Here's the list of master cylinder interchange (per rockauto )

AUDI A3 2015-2019 
AUDI RS3 2017-2019 
AUDI S3 2014-2019 
AUDI TT 2016-2019 
SEAT TARRACO 2019 
VOLKSWAGEN ARTEON 2019 
VOLKSWAGEN ATLAS 2018-2019 
VOLKSWAGEN GOLF 2014-2019 
VOLKSWAGEN GTI 2015-2018 
VOLKSWAGEN TERAMONT 2019 
VOLKSWAGEN TIGUAN 2018-2019


----------



## stormTrooperIG (Jul 6, 2020)

those older Sq5 audi calipers come stock aluminum color I believe, cost effective but after considering a powercoat job, rebuild kit, pads, (new rotors?), it may be more cheaper to just get the TTs brake calipers, they sell the kits in either red or black.
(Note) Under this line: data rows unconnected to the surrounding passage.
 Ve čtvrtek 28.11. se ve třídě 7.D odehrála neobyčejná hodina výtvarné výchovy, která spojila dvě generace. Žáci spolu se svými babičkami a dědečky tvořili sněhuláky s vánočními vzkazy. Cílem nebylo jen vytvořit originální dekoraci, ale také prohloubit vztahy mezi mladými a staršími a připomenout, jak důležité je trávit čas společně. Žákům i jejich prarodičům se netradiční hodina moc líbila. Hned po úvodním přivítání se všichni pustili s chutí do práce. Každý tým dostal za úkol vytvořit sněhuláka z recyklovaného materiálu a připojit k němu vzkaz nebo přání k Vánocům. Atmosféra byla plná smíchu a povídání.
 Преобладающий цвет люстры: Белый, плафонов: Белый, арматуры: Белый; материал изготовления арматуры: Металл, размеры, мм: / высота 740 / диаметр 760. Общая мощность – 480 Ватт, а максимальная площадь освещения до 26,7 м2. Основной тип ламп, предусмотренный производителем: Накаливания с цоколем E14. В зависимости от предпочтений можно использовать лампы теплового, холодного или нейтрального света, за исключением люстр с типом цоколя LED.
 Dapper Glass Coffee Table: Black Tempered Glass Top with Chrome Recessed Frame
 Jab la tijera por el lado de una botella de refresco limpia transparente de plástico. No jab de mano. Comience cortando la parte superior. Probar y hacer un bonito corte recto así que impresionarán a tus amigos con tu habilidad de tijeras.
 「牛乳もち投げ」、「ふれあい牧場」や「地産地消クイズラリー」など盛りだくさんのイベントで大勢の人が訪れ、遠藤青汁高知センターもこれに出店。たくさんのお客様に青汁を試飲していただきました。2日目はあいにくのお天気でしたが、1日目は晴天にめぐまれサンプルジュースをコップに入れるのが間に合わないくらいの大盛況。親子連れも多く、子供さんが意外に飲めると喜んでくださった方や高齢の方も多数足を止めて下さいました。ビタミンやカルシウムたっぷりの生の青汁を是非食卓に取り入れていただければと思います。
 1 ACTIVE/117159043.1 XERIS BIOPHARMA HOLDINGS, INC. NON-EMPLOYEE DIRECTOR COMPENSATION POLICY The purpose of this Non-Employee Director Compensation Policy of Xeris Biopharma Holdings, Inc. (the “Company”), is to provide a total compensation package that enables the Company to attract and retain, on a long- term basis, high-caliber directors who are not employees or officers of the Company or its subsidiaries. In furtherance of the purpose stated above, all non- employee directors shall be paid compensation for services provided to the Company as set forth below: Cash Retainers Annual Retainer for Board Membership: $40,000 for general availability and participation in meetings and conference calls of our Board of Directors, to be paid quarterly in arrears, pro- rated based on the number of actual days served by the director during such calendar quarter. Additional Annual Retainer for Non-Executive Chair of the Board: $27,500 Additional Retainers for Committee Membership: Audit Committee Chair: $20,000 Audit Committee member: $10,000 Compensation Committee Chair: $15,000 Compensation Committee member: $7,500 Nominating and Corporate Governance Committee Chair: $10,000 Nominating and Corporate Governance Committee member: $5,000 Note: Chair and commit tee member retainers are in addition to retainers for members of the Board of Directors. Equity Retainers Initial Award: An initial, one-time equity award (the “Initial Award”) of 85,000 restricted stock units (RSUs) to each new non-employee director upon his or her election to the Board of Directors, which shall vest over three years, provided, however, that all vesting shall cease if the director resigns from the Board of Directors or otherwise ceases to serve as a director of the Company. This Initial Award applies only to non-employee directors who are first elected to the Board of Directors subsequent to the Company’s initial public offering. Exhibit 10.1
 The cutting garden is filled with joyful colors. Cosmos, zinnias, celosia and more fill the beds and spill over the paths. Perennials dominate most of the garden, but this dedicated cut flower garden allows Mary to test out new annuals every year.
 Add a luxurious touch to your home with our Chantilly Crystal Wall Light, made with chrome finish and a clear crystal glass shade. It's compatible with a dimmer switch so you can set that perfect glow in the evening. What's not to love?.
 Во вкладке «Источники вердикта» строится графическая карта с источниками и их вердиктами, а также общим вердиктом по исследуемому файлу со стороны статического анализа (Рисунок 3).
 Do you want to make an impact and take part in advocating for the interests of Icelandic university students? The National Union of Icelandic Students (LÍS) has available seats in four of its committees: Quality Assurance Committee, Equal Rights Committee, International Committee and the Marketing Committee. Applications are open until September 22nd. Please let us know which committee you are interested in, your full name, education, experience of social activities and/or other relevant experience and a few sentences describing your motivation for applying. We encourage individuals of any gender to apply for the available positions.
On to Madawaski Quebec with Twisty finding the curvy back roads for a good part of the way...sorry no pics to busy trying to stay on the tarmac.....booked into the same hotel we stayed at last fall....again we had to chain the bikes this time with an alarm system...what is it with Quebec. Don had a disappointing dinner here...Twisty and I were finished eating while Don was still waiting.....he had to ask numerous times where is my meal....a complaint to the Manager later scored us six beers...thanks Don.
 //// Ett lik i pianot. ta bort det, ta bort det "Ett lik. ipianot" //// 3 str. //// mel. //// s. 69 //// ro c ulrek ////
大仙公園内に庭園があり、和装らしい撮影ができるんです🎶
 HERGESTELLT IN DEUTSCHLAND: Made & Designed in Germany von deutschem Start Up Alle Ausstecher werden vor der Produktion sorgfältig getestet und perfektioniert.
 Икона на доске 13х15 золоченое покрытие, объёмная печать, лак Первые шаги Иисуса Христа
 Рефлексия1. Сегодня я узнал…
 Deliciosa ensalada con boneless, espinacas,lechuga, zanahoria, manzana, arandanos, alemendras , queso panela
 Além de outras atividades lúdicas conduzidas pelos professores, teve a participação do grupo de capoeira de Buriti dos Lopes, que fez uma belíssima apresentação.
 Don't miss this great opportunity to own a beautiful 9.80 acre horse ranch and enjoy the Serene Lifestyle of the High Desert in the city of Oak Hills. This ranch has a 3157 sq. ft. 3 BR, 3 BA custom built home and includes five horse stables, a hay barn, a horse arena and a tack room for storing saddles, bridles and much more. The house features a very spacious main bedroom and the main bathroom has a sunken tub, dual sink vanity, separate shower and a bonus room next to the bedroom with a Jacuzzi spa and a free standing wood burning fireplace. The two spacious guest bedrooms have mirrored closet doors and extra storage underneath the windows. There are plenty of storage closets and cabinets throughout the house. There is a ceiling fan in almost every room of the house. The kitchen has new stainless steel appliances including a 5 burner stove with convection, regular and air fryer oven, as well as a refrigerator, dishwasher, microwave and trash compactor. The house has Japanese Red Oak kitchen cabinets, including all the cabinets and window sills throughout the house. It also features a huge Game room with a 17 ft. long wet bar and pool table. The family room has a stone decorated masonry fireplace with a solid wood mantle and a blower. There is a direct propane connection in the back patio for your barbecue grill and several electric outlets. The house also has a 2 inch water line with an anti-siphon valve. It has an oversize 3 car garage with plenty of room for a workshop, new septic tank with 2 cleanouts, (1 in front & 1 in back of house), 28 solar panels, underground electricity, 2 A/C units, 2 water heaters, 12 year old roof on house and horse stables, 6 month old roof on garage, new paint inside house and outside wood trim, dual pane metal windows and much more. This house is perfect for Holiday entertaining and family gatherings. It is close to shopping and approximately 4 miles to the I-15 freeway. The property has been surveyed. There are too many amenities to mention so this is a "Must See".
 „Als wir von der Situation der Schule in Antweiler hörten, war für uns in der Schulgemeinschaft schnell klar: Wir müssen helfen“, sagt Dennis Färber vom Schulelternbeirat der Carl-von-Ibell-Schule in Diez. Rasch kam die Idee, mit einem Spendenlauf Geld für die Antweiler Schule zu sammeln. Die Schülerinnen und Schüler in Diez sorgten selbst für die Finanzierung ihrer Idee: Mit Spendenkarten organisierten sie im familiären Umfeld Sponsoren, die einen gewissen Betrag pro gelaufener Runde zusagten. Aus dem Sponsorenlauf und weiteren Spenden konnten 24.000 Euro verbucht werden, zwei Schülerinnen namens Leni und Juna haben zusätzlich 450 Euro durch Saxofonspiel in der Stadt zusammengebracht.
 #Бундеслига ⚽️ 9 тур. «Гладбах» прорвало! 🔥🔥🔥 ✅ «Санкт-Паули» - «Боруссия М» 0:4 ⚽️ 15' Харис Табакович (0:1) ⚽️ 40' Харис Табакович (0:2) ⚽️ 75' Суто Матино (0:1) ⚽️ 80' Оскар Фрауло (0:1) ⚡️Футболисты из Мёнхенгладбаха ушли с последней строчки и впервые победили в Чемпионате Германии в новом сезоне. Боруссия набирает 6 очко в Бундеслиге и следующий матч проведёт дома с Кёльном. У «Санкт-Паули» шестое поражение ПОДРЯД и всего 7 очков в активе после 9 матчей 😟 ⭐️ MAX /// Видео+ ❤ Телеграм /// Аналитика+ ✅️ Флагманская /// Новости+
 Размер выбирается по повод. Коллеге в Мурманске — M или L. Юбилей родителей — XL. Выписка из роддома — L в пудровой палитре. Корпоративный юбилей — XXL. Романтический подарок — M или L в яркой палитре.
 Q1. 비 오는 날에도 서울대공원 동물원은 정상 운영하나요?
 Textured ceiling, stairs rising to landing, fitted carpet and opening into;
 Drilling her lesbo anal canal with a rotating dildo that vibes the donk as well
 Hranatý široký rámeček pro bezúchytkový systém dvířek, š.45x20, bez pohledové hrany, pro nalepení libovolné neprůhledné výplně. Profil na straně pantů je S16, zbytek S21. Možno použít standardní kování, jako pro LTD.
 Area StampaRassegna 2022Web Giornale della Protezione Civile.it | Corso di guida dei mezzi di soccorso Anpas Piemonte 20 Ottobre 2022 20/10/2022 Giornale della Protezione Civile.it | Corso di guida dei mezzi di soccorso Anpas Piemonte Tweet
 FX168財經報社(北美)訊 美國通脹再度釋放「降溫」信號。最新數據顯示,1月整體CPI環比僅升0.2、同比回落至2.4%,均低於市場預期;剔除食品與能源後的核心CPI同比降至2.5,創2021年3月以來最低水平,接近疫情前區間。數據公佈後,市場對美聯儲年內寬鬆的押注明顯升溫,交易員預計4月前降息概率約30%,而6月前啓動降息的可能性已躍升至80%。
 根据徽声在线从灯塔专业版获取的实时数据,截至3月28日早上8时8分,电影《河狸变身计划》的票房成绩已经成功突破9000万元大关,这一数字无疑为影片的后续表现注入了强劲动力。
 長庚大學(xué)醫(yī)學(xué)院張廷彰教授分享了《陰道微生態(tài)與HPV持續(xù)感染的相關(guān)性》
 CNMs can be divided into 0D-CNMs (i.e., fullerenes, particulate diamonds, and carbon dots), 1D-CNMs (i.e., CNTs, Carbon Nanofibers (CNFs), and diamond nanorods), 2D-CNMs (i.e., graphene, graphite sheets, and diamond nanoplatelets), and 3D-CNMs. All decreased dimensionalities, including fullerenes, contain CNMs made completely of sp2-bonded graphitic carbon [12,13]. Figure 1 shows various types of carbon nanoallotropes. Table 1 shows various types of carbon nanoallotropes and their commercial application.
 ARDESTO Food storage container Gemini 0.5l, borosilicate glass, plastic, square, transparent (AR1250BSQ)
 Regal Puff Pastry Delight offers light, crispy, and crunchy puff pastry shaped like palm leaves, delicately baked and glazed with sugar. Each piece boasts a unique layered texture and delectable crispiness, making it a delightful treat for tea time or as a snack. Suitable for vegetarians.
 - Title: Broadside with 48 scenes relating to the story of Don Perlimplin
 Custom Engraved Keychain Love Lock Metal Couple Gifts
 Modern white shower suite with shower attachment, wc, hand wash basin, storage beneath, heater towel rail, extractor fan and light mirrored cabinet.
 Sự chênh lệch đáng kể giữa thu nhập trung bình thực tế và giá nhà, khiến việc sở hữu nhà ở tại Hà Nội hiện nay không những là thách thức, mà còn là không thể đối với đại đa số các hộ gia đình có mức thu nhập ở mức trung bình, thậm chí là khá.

You ca rerun your stock tiggy rotors on them or upgarde to drilled/slotted if you're going for the look. I think it's all for looks though, lets face it who is going to track their tiggy grocery getter 

https://www.shopdap.com/brake-calip...pgrade-kit-for-golf-r-pp-gti-and-audi-s3.html


----------



## MCMLXIX (Aug 24, 2020)

Yes, this is mostly for looks and the cool factor on a Tiguan. The stock brakes look tiny... it would just be nice to have Brembo brakes on it...😁


----------



## stormTrooperIG (Jul 6, 2020)

MCMLXIX said:


> Yes, this is mostly for looks and the cool factor on a Tiguan. The stock brakes look tiny... it would just be nice to have Brembo brakes on it...😁


a new custom powder coat with brembo decals do look very sweet.

Not sure if ever discussed, the VW Touareg, I believe always comes with some brembos too, they're very cheap on ebay but not sure if they would bolt up to our cars, i believe the rotors are a different size though


----------



## MCMLXIX (Aug 24, 2020)

stormTrooperIG said:


> a new custom powder coat with brembo decals do look very sweet.
> 
> Not sure if ever discussed, the VW Touareg, I believe always comes with some brembos too, they're very cheap on ebay but not sure if they would bolt up to our cars, i believe the rotors are a different size though


This is for the wife's R-Line … so...


----------



## stormTrooperIG (Jul 6, 2020)

MCMLXIX said:


> This is for the wife's R-Line … so...


That looks great!!

Our wives may be long lost cousins, we have a room in our house that was painted the tiffany blue, but I put a stop to it when she wanted to do the front door that color


----------



## MCMLXIX (Aug 24, 2020)

Brembo Drilled rotor.... 09.C892.1X (the X at the end designates the drilled version)


----------



## VAG Parts Bin (Oct 12, 2001)

The Macan/Q5 swap is popular on the GTI/R due to the "cheap" cost (apparently the Macan calipers are cheaper in the US than elsewhere), the wide range of pad options, and the open top design allowing quick pad swaps for the track.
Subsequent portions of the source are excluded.